Functional morphology of tegmina-based stridulation in the relict species Cyphoderris monstrosa (Orthoptera: Ensifera: Prophalangopsidae).

Male grigs, bush crickets and crickets produce mating calls by tegminal stridulation: the scraping together of modified forewings functioning as sound generators. Bush crickets (Tettigoniidae) and crickets (Gryllinae) diverged some 240 million years ago, with each lineage developing unique characteristics in wing morphology and the associated mechanics of stridulation. The grigs (Prophalangopsidae), a relict lineage more closely related to bush crickets than to crickets, are believed to retain plesiomorphic features of wing morphology. The wing cells widely involved in sound production, such as the harp and mirror, are comparatively small, poorly delimited and/or partially filled with cross-veins. Such morphology is similarly observed in the earliest stridulating ensiferans, for which stridulatory mechanics remains poorly understood.
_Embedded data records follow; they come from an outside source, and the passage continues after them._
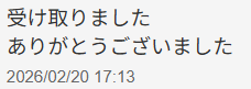 お客様のお声No.250【受け取りました ありがとうございました】2026年2月20日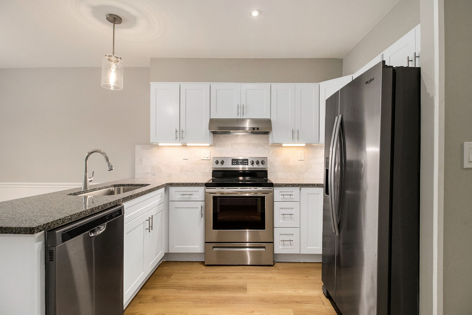 The updated white kitchen (May 2025) includes LVP flooring, soft-close cabinets, granite counter, new single-bowl stainless sink and faucet, newer stainless steel appliances, updated lighting, and a sunny and bright breakfast area. The dining and living areas are thoughtfully separated by a cozy gas fireplace, ideal for both everyday living and entertaining. Upstairs, you’ll find two large bedrooms, a versatile office/flex room, and ample closet space. A main-level powder room adds convenience, while the oversized 2-car garage and half basement provide excellent storage or room to expand.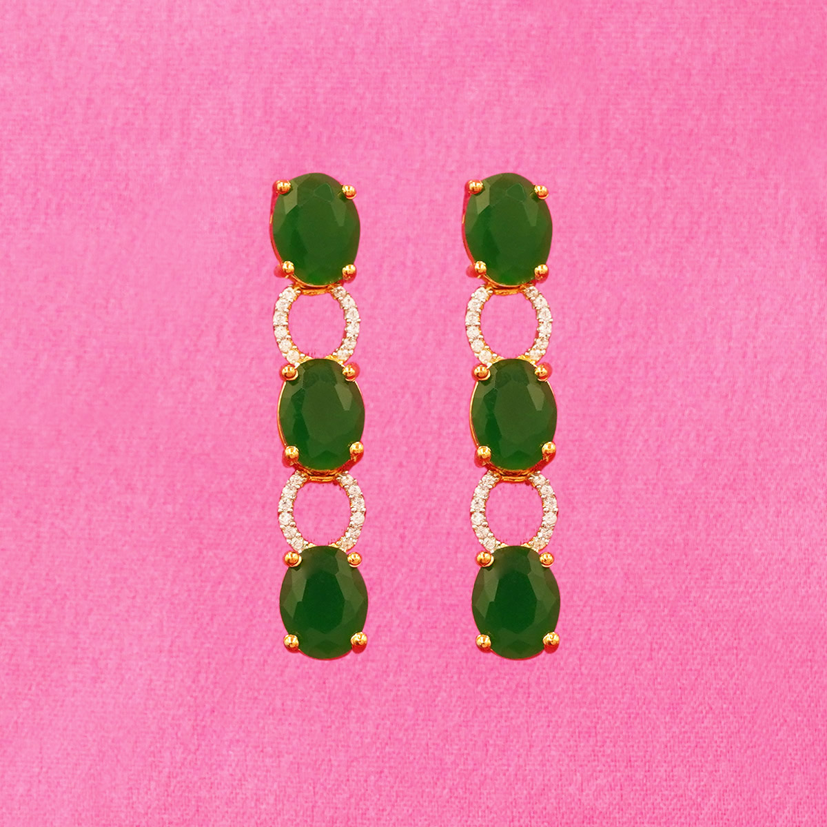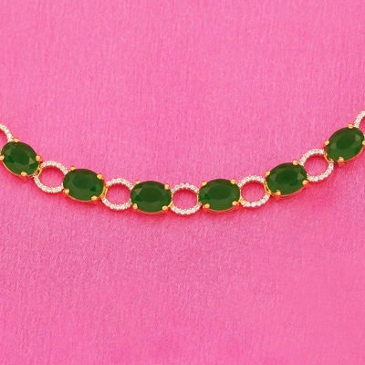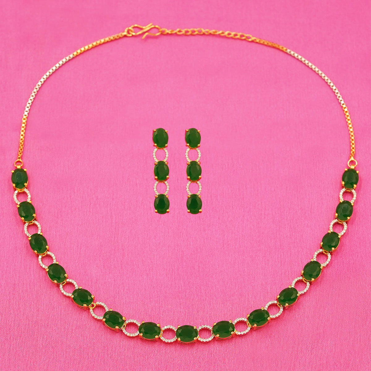 DESCRIPTION - A graceful necklace set adorned with rich green oval stones and sparkling accents, paired with matching earrings for a refined, timeless look.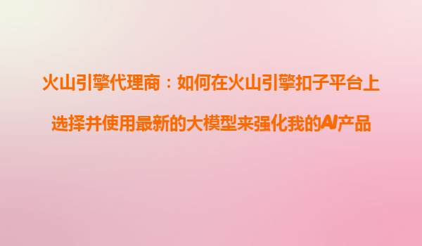 火山引擎代理商指南:如何在火山引擎扣子平臺(tái)上選擇并使用最新大模型強(qiáng)化AI產(chǎn)品

The grigs, therefore, are of major importance to investigate the early evolutionary stages of tegminal stridulation, a critical innovation in the evolution of the Orthoptera. The aim of this study is to appreciate the degree of specialization on grig forewings, through identification of sound radiating areas and their properties. For well-grounded comparisons, homologies in wing venation (and associated areas) of grigs and bush crickets are re-evaluated. Then, using direct evidence, this study confirms the mirror cell, in association with two other areas (termed 'neck' and 'pre-mirror'), as the acoustic resonator in the grig Cyphoderris monstrosa Despite the use of largely symmetrical resonators, as found in field crickets, analogous features of stridulatory mechanics are observed between C. monstrosa and bush crickets. Both morphology and function in grigs represents transitional stages between unspecialized forewings and derived conditions observed in modern species.